Over the last couple of weeks several studies came out that for marketers should really shake the foundation of social media advertising.

However, a week later and I don’t see a “twitter” really talking about this. Why? Social media sells targeted ad space (ala Google) and they are making a killing. So if something comes out to the contrary, it could become a huge problem for social media sites to continue revenue generation, the biggest right now being Facebook.

Here is a snap shot of 3 studies:

First comes from Oxford University, by Robin Dunbar, a recognized professor of evolutionary anthropology. He has pointed out to what some of you may already know – people cannot efficiently interact with more than 150 people at any time. Our brains just don’t handle anything larger; this is also known as Dunbar’s number.

The next study, a much smaller one, is about the psychology of people using Facebook, especially targeted to the amount of friends they have as an indicator of self-esteem. The results show that the more friend’s one has, the lower their self-esteem.
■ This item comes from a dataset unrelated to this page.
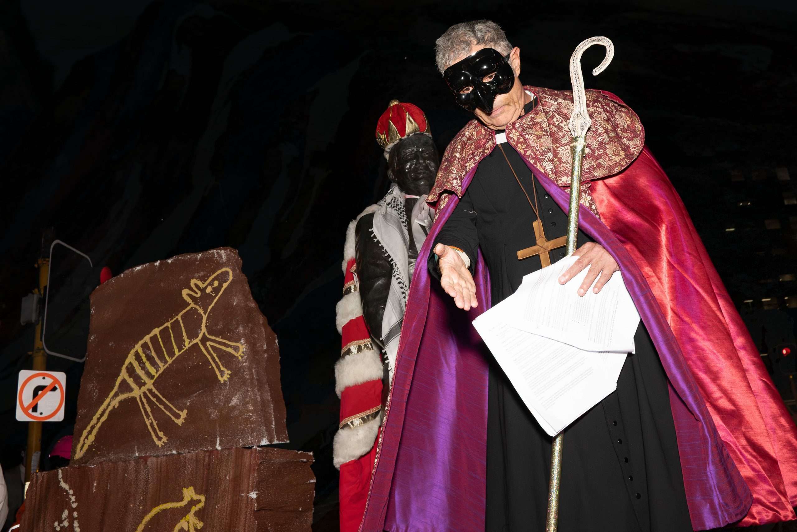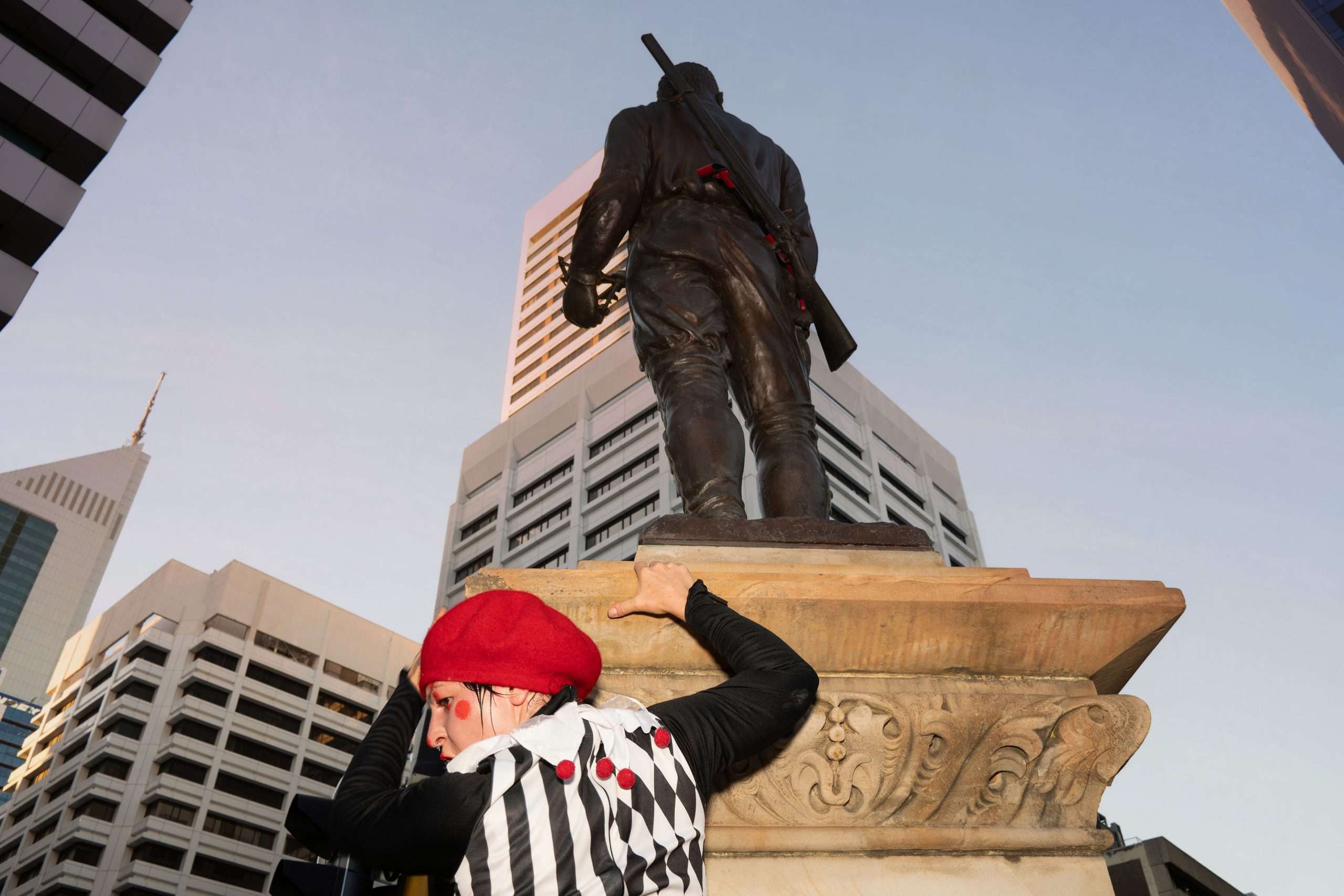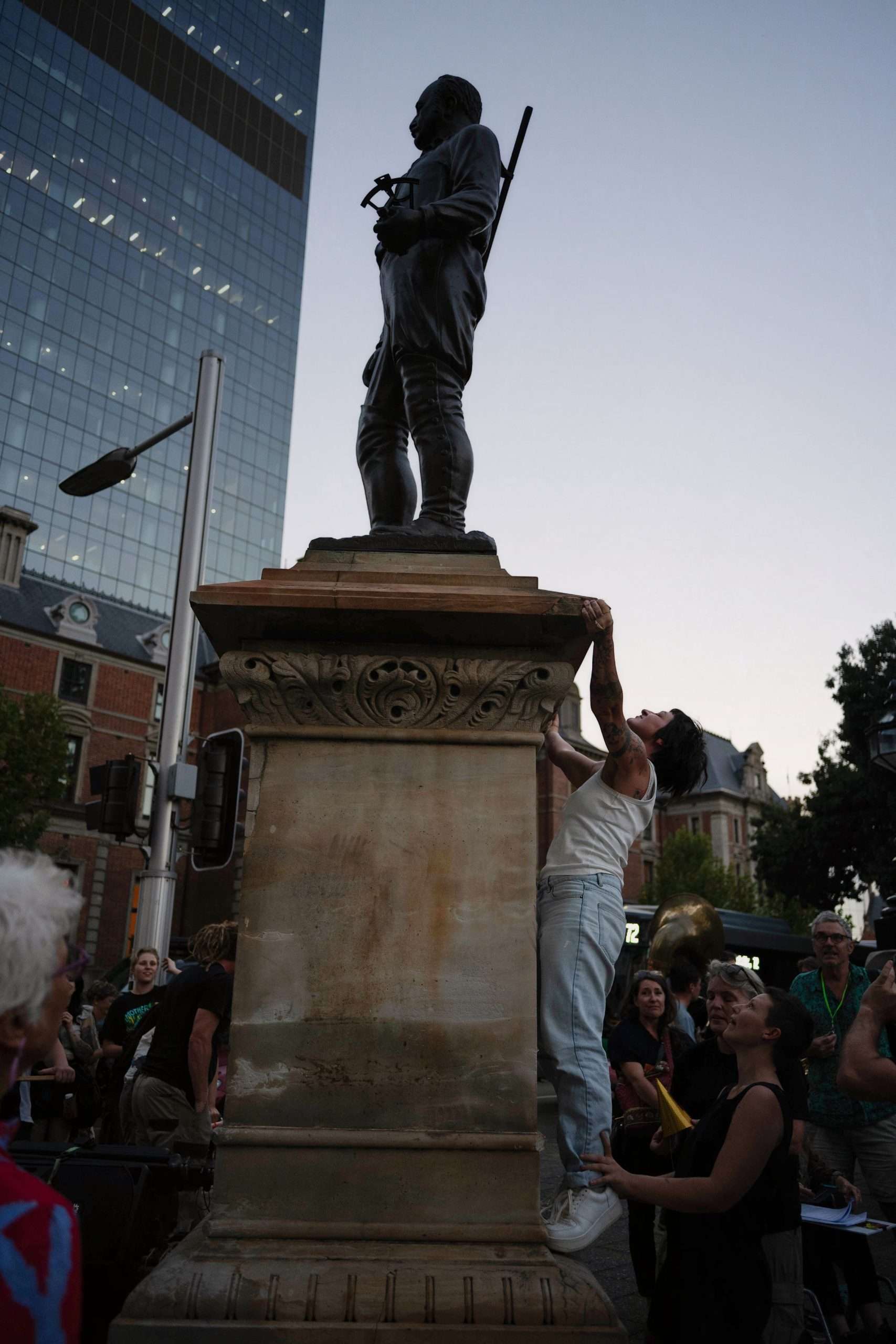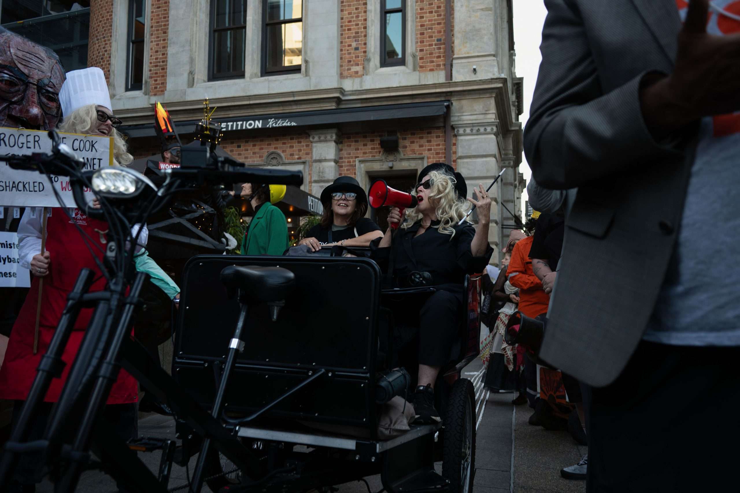 Fossil Fool Crime Walkers were guided by French New Wave Director Jeanne-Luc Badarse who directed the FOSSIL FOOL CRIME WALK with her red megaphone from a rickshaw (following the unfortunate injury caused by excessively high-spirited Carnival dancing the week before). Participants halted briefly at the Alexander Forrest statue on the corner of Barrack Street and St George’s Terrace to hear Greens MLC Sophie McNeill’s diatribe against this founding father of Western Australia who used to advocate in State Parliament for state terrorism measures against First Nations peoples in the Kimberley in order to protect his family’s cattle interests (as well as passionately opposing women’s suffrage).

Lastly a critical study tying this all up is brought to us by Richard Edelman, SEO of Edelman in a respected ad site Adage.  The main point here is that the larger your group of friends on Facebook, the less worth each individual’s opinion has.

TO SUM THIS UP:

The more friends one has on Facebook or other online media items (twitter, youtube, etc.) the less interaction goes on between individuals (Dunbar’s number) and possibly the lower your self-esteem (easier to jump on bandwagons of information without really a need or desire to buy, or do much about it). On top of the added “benefit” that with more friends the less each individual’s opinion really matters.

THE KEY RESULT:

Consumers still require a professional opinion for product purchasing decisions, large groups of friends with random status updates don’t deliver the results. If you are marketing through social media, the bearers of opinion may not be those with 2000 friends, but instead much smaller groups with 100 or 200 friends. Changing the opinion of these people can cause a much more significant effect.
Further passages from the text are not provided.